Boris Johnson calls emergency Cobra meeting on Afghanistan

Britain and the US have agreed to send in additional troops.

Boris Johnson calls emergency Cobra meeting on Afghanistan UK Parliament
Afghan officials announced on Friday that the Taliban had captured Lashkar Gah.

Boris Johnson is to convene an emergency Cobra meeting on Friday afternoon to discuss the situation in Afghanistan, Downing Street has announced.

The Prime Minister’s decision to bring together a top-level Government meeting comes amid growing concern over the Taliban’s lightning offensive that is gradually encircling the capital Kabul only weeks before the full withdrawal of Allied armed forces.
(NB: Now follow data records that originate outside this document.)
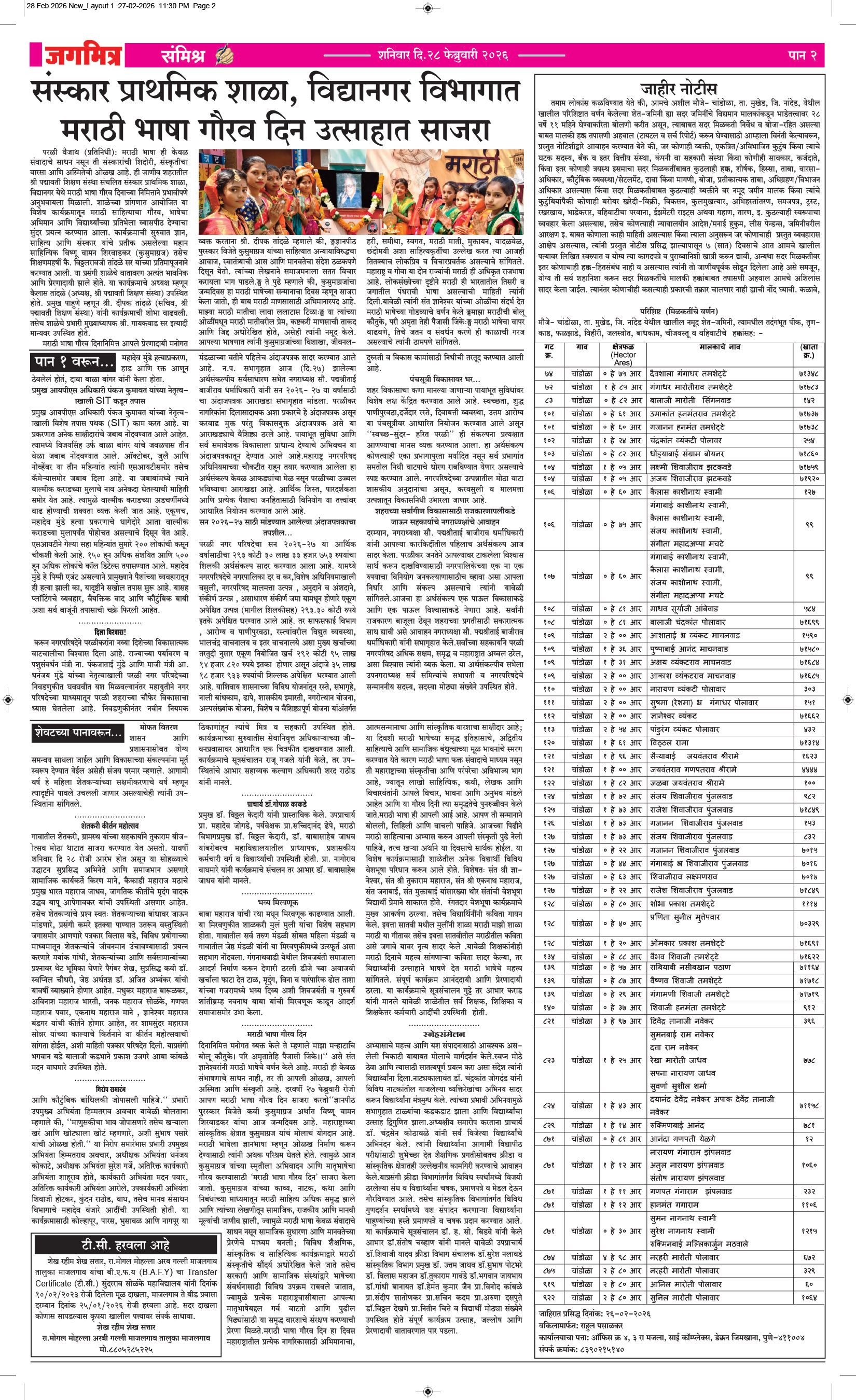 मुख्य संपादक : बालासाहेब कडबाने, कार्यकारी संपादक : बिलाल शेख - कार्यालय :- जगमित्र, बाजी प्रभु नगर जवळ, नेहरू चौक, परळी वै. ता.परळी वै. जि.बीड (महाराष्ट्र) मो.9423912525, 9822974925,jagmitra2010@gmail.com पहिले पान दुसरे पान तिसरे पान चौथे पान पाचवे पान सहावे पान सातवे पान आठवे पान Visitor Counter free online counter Sunday, 1 March 2026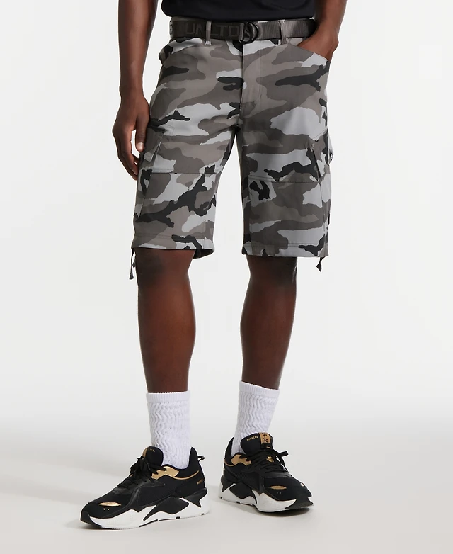 Galaxy By Harvic Men's Belted Cargo Shorts with Twill Flat Front Washed Utility Pockets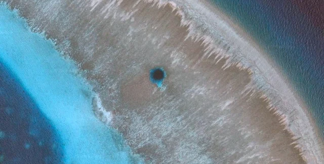Подобные голубые дыры, заполненные водой, образовались в результате эрозии горных пород.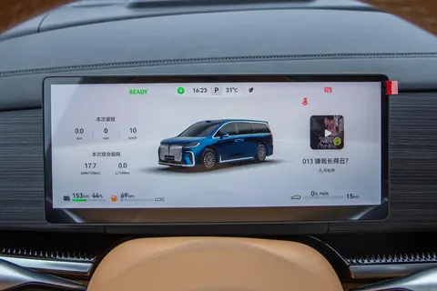 车内还装了AI自适应腰部支撑,无论乘客身材如何,腰部都能自动调整到合适位置,保护腰椎,避免长时间乘坐腰酸背痛。奇妙的是,三排座椅都支持加热和通风,后排朋友也能感受到足够舒适,不像有些MPV第三排空间小、配置弱。二排除了座椅加热、按摩和腿托加热,还有6英寸的扶手屏,乘客可以直接用这个屏幕控制座椅,不用麻烦前排司机,方便又人性化。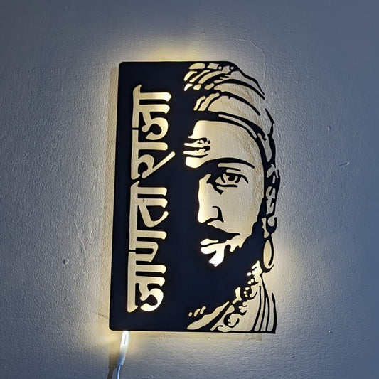 Chhatrapati Shivaji Maharaj Suvarna SinhaSan Steel Wall Art Sculpture in Black with LED Light

Britain and the US have agreed to send in additional troops, with 600 UK personnel due to help with efforts to get citizens out of the country and support the relocation of former Afghan staff.

Defence secretary Ben Wallace said he feared multinational terror network al Qaida, the group behind atrocities such as the 9/11 attack on the World Trade Centre in New York, would “probably come back” as Afghanistan destabilises once again.

Taliban insurgents are now estimated to hold more than two-thirds of Afghanistan and continue to press their offensive, having taken the country’s second and third largest cities, Kandahar and Herat, as part of a week-long blitz.

Afghan officials announced on Friday that the Taliban had captured Lashkar Gah, the capital of the southern Helmand province, giving them a further scalp as US and UK forces pare back their presence in time for withdrawal on September 11.

A No 10 spokeswoman said: “The Prime Minister is convening a Cobr this afternoon to discuss the current situation in Afghanistan.”

Johnson has come under pressure domestically to recall Parliament to debate the fallout in Afghanistan, with a cross-party call coming from Liberal Democrat leader Sir Ed Davey and Labour’s shadow foreign secretary Lisa Nandy.

The withdrawal of troops – intended to mark the end of a two-decade war – was agreed following a deal signed between then-US president Donald Trump and the Taliban in Doha, Qatar, in February 2020.

Wallace has called it a “rotten deal” but said the UK was left with no alternative but to follow Washington’s lead.

But the Cabinet minister has refused to rule out further military action in Afghanistan, despite withdrawal plans being well under way.

He told LBC: “I’m going to leave every option open. If the Taliban have a message from last time, you start hosting al Qaida, you start attacking the West or countries at that, we could be back.”

The latest US military intelligence assessment suggests Kabul could come under insurgent pressure within 30 days and that, if current trends hold, the Taliban could gain full control of the country within a few months.

Thousands of Afghans have fled their homes amid fears the Taliban will again impose a brutal, repressive government, all but eliminating women’s rights and conducting public executions.